[INPUT MATERIAL]
========
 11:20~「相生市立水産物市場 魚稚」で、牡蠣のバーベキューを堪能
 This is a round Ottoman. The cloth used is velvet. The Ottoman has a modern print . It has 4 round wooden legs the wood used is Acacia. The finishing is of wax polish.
========
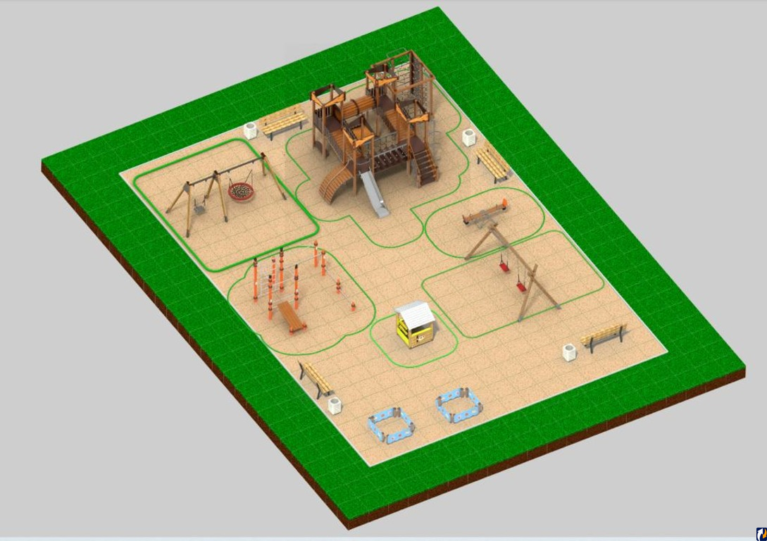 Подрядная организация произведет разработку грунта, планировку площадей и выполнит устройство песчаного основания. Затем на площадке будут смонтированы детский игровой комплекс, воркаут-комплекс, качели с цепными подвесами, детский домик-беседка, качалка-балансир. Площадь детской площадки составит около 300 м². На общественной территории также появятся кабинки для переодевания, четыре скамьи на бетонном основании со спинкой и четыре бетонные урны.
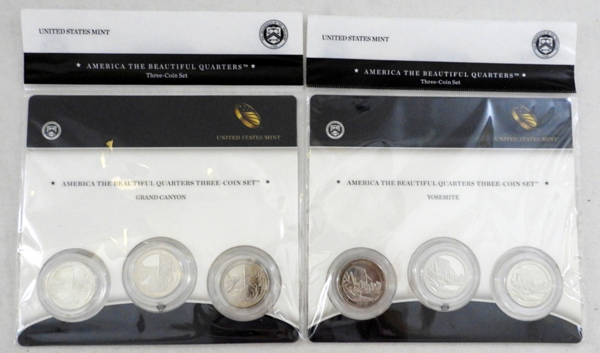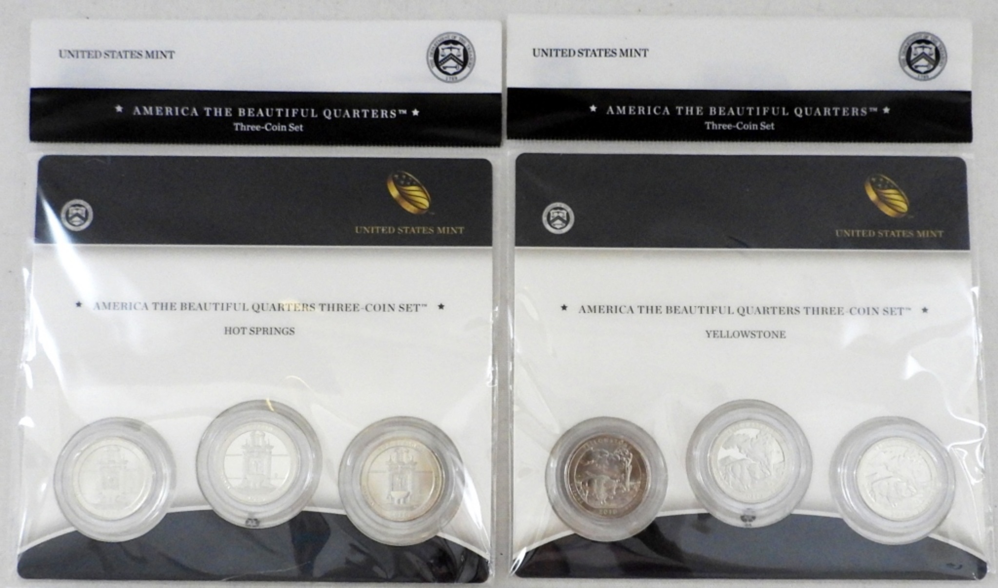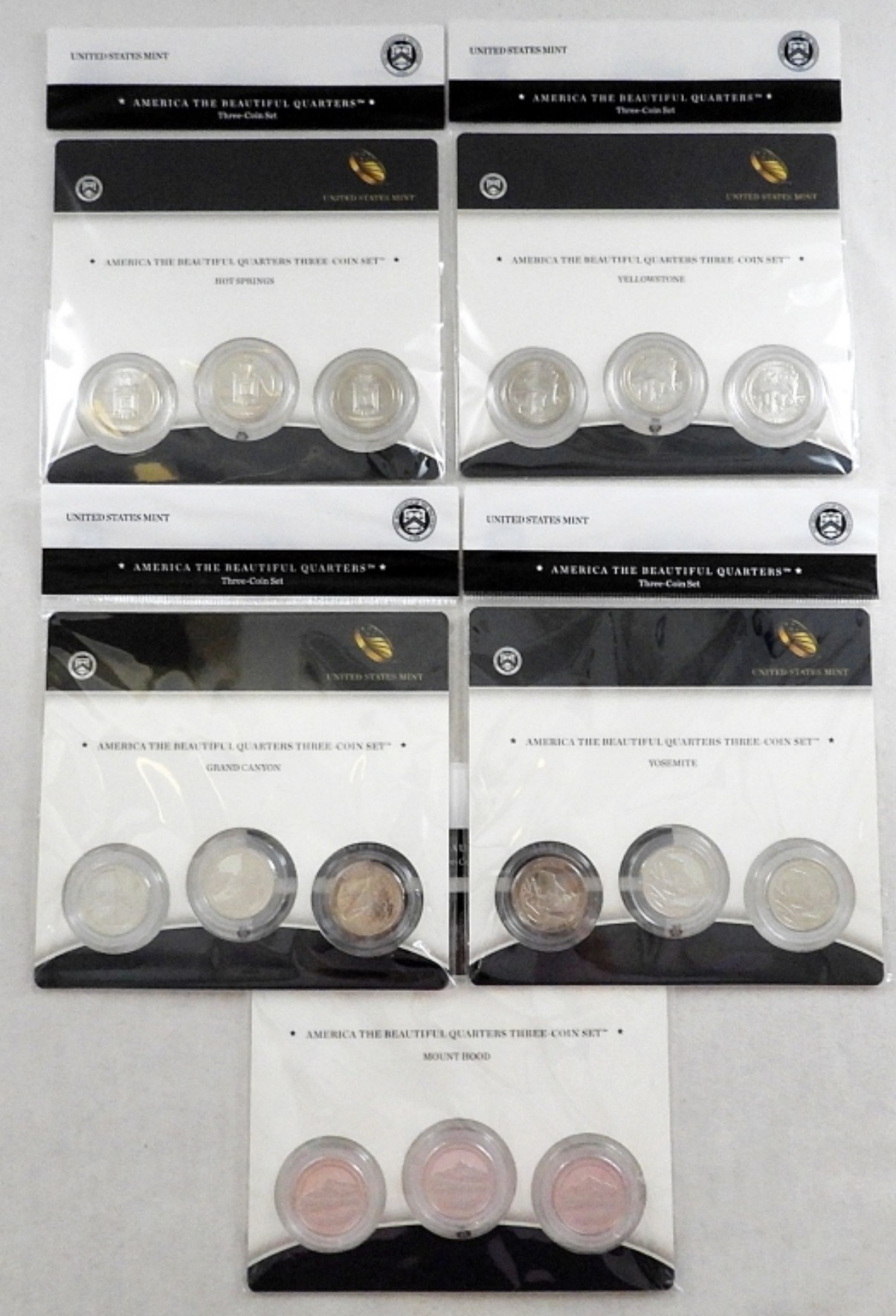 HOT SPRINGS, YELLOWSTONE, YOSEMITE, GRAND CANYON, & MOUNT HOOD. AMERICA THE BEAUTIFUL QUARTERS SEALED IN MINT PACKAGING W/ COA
========
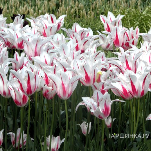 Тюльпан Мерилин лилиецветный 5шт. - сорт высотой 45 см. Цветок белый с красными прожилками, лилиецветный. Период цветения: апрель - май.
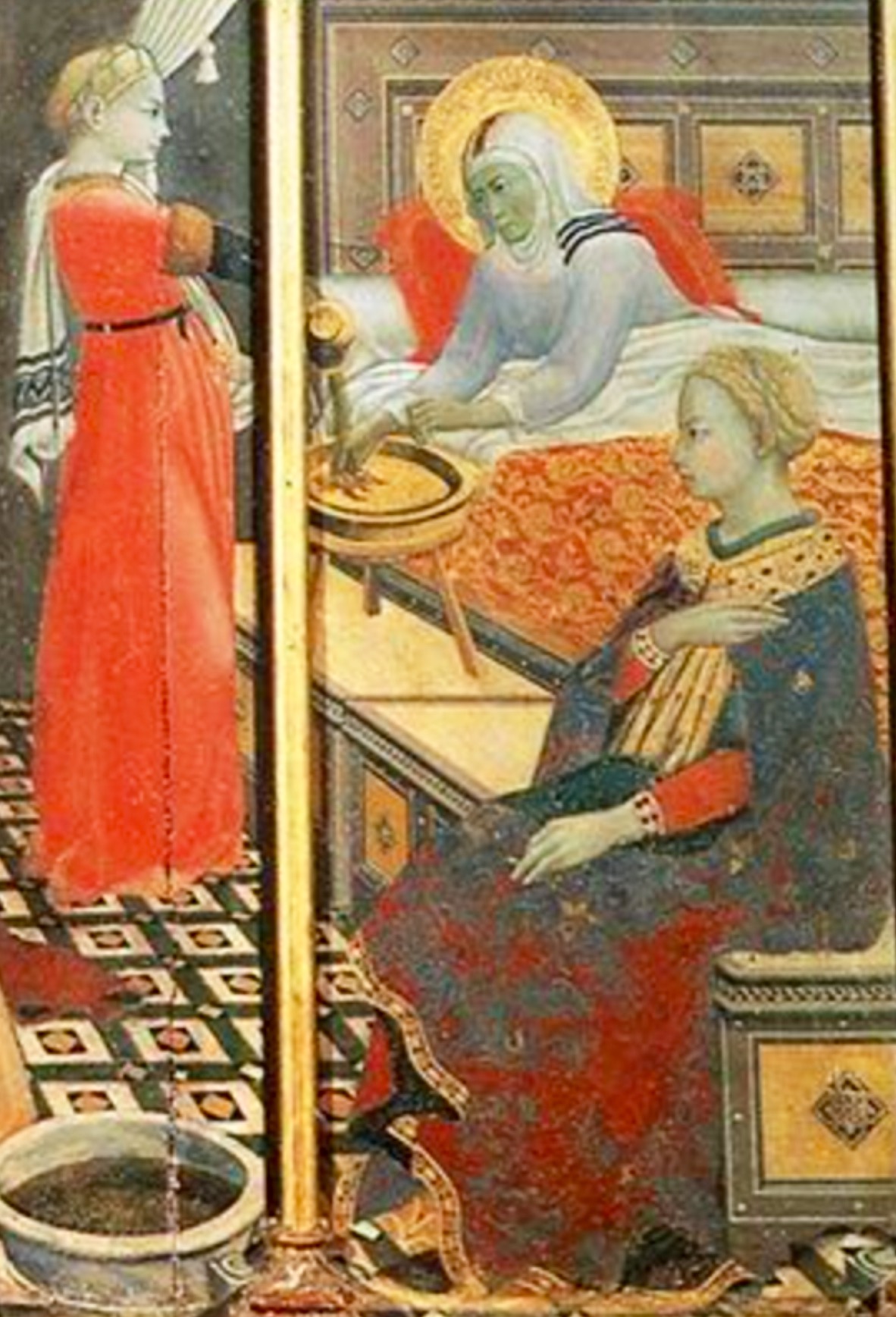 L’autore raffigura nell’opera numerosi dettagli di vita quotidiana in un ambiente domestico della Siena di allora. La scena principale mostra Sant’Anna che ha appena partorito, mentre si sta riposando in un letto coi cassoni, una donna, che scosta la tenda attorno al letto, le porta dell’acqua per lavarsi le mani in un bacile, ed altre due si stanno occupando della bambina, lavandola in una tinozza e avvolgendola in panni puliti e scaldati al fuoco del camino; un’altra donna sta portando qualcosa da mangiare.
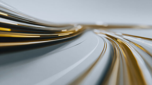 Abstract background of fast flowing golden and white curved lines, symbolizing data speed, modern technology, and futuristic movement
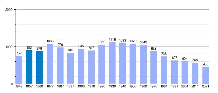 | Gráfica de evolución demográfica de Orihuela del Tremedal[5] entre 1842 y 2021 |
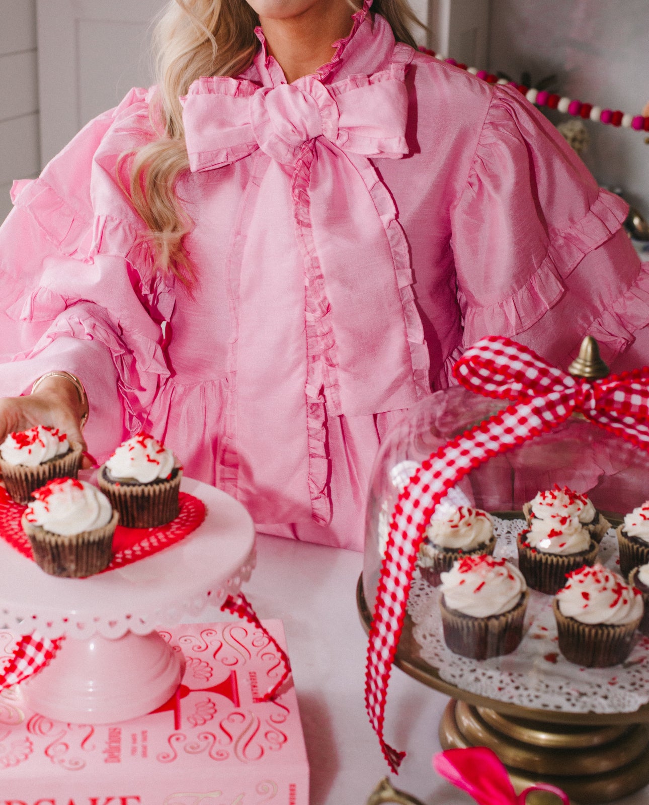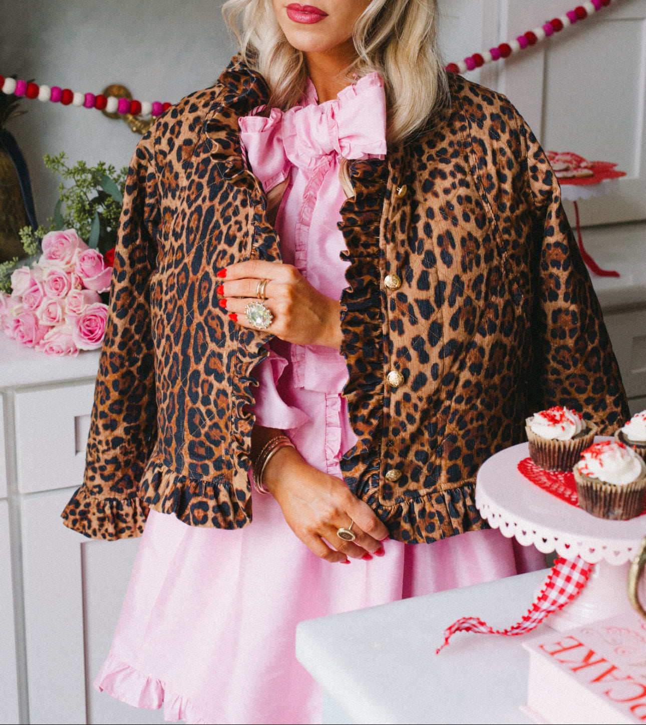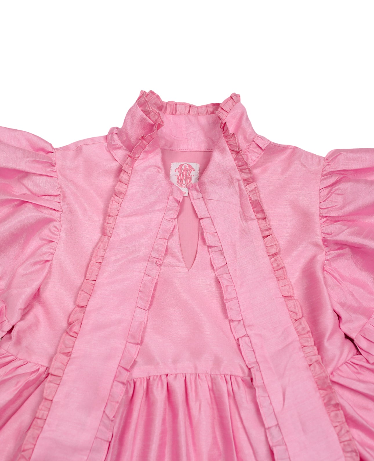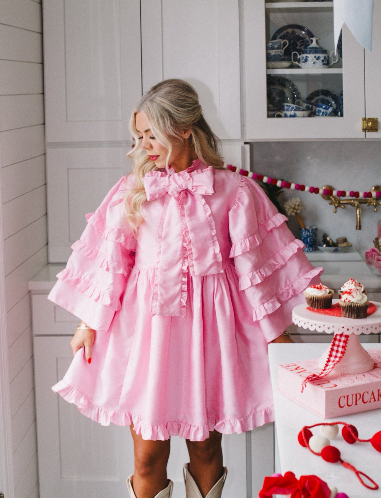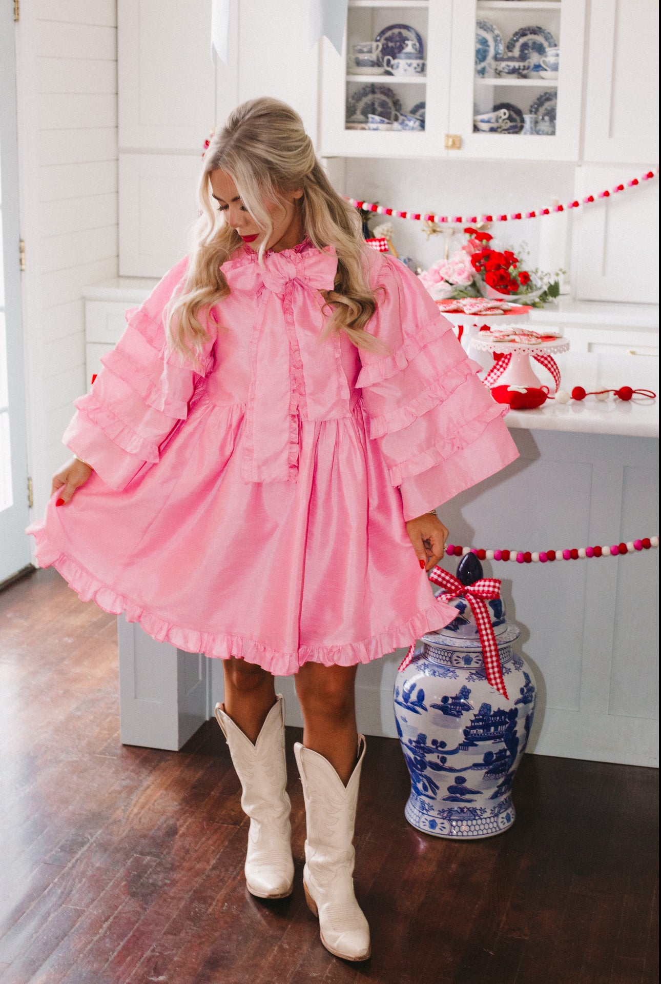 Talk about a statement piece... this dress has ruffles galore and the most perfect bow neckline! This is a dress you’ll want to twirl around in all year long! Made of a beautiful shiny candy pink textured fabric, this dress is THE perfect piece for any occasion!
========
[TASK REQUIREMENTS] All that is wanted is an exact copy of the lines above from the one with "11:20~「相生市立水産物市場 魚稚」で、牡蠣のバーベキューを堪能" through the one with "This is a round", with both ends included.

[TASK SOLUTION]
 11:20~「相生市立水産物市場 魚稚」で、牡蠣のバーベキューを堪能
 This is a round Ottoman. The cloth used is velvet. The Ottoman has a modern print . It has 4 round wooden legs the wood used is Acacia. The finishing is of wax polish.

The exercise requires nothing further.